Extracted entries —
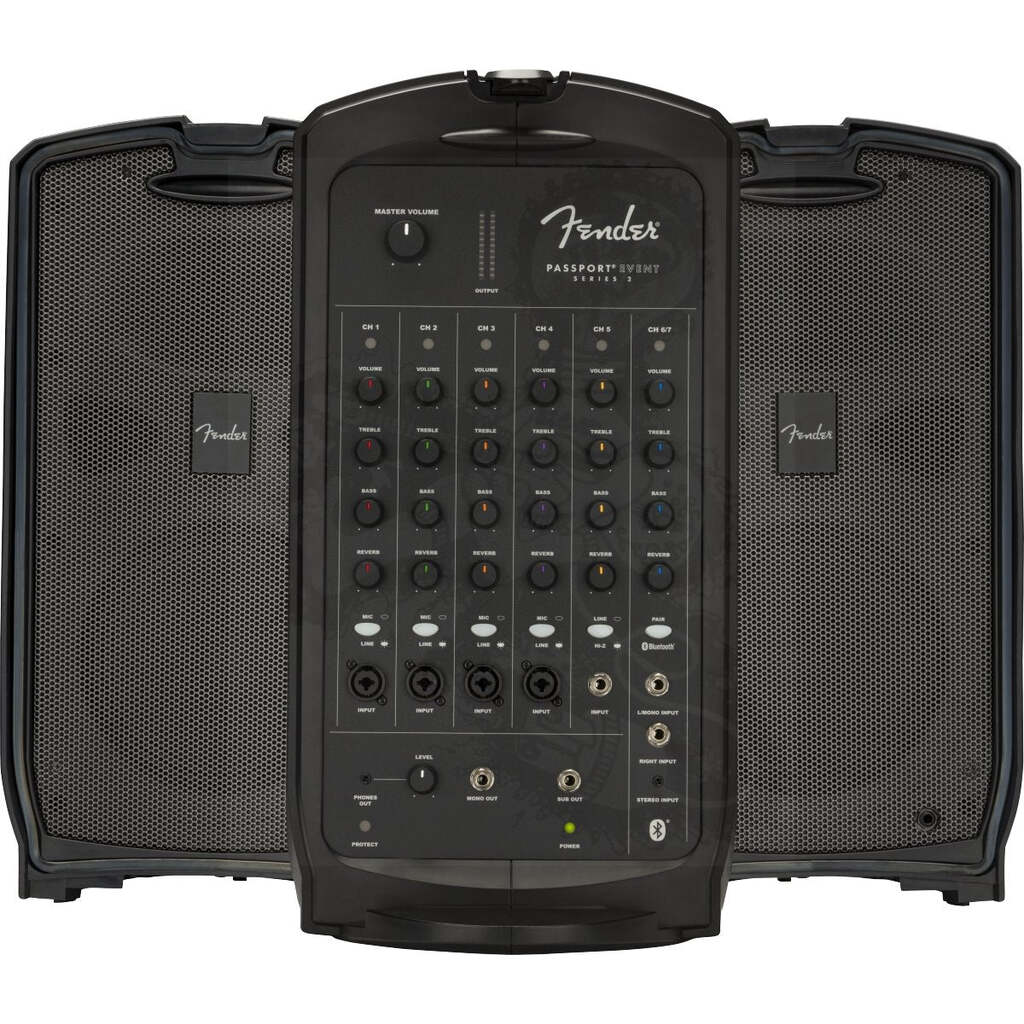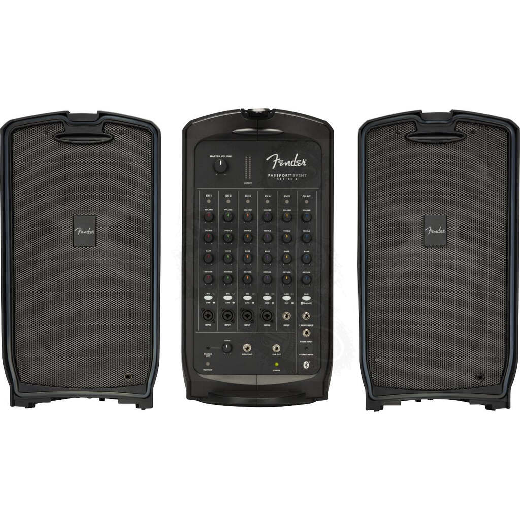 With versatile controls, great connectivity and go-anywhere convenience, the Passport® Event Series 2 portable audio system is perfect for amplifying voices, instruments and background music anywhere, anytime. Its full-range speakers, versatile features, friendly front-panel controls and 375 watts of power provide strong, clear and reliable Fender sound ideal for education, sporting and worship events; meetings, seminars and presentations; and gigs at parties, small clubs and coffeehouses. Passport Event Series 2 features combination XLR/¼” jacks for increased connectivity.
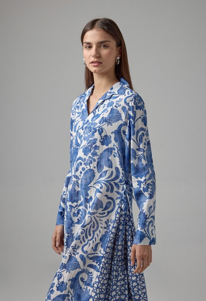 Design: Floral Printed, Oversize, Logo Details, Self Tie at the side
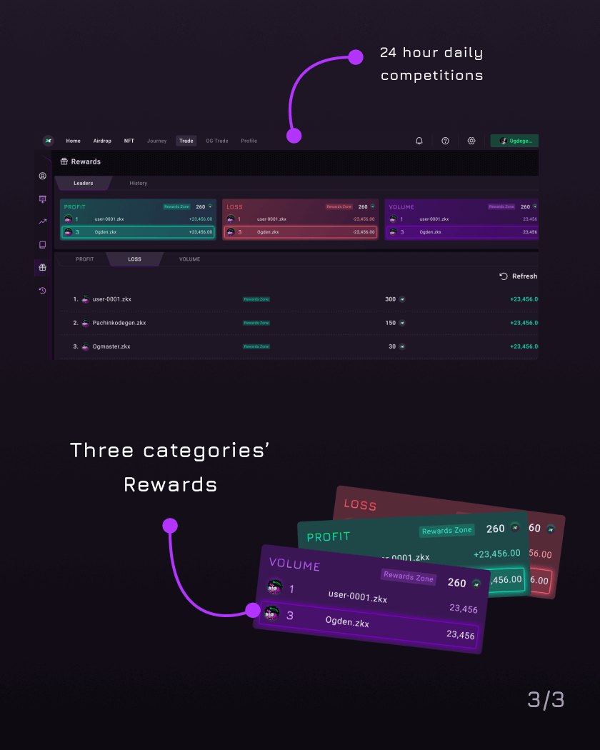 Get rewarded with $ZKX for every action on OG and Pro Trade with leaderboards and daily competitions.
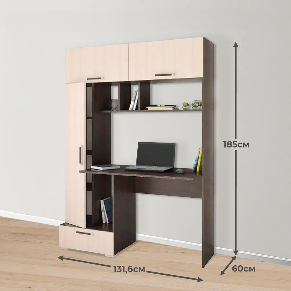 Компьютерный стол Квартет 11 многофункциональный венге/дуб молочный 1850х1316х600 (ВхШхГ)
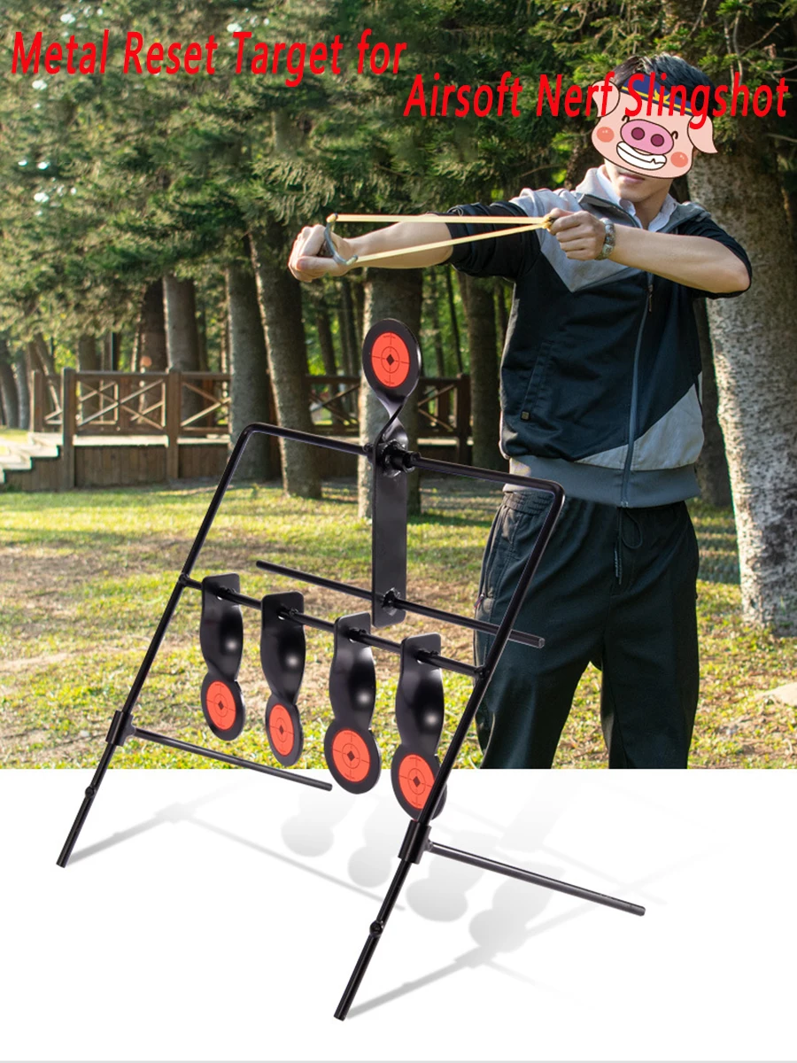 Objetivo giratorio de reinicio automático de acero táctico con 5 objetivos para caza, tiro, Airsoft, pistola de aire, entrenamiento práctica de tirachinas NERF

Problem to solve —
Only the pictures are to be left out, and all of the data must otherwise be transcribed exactly.

Response below —
 With versatile controls, great connectivity and go-anywhere convenience, the Passport® Event Series 2 portable audio system is perfect for amplifying voices, instruments and background music anywhere, anytime. Its full-range speakers, versatile features, friendly front-panel controls and 375 watts of power provide strong, clear and reliable Fender sound ideal for education, sporting and worship events; meetings, seminars and presentations; and gigs at parties, small clubs and coffeehouses. Passport Event Series 2 features combination XLR/¼” jacks for increased connectivity.
 Design: Floral Printed, Oversize, Logo Details, Self Tie at the side
 Get rewarded with $ZKX for every action on OG and Pro Trade with leaderboards and daily competitions.
 Компьютерный стол Квартет 11 многофункциональный венге/дуб молочный 1850х1316х600 (ВхШхГ)
 Objetivo giratorio de reinicio automático de acero táctico con 5 objetivos para caza, tiro, Airsoft, pistola de aire, entrenamiento práctica de tirachinas NERF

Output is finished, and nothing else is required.